What would it mean for code suggestions to be non-optional? Like, you can't edit the code file yourself but have to talk to a chatbot to ask it to make the edits for you? I think that's fairly obviously a ridiculous notion.
I could envision some point in the future where the tooling is good enough that if you reject the suggestion, you had better have a very good reason for doing so. We're already there on the formatting front, as well as the widely-enabled clang-tidy checks (e.g. pessimizing moves). Once a tool consistently meets that high bar, it's irrelevant whether its suggestions are derived from static analysis or a LLM.
As far as being non-optional: a code owner could very much refuse to approve your change until it conforms to their standards for their code base.

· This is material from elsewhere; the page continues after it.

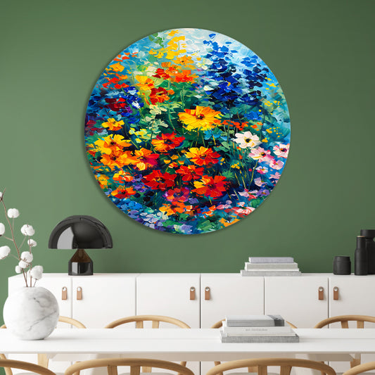 Kleurrijke abstracte bloemenveld schilderij aluminium muurcirkel

ML code suggestions at Google do not inspire that high level of confidence in me today, but I have no reason for thinking that will always be the case.
I see your point, and maybe you're right, but I do think formatting tools are materially different. You can define correctness for a formatting tool and they're understood to be about enforcing a consistent style. That doesn't apply to code more generally where there's more open to interpretation, other "style" to consider, program behaviour, etc.
Also I would say that automatic formatters weren't popular until the mid 2010s from what I've experienced, despite being technically possible since pretty much the advent of programming. I even remember having to push hard for adoption of them in ~2018. Even if the AI tools were at the level (and they're definitely not yet, any of them), it could easily take a decade for it to become the norm or for it to be mandated.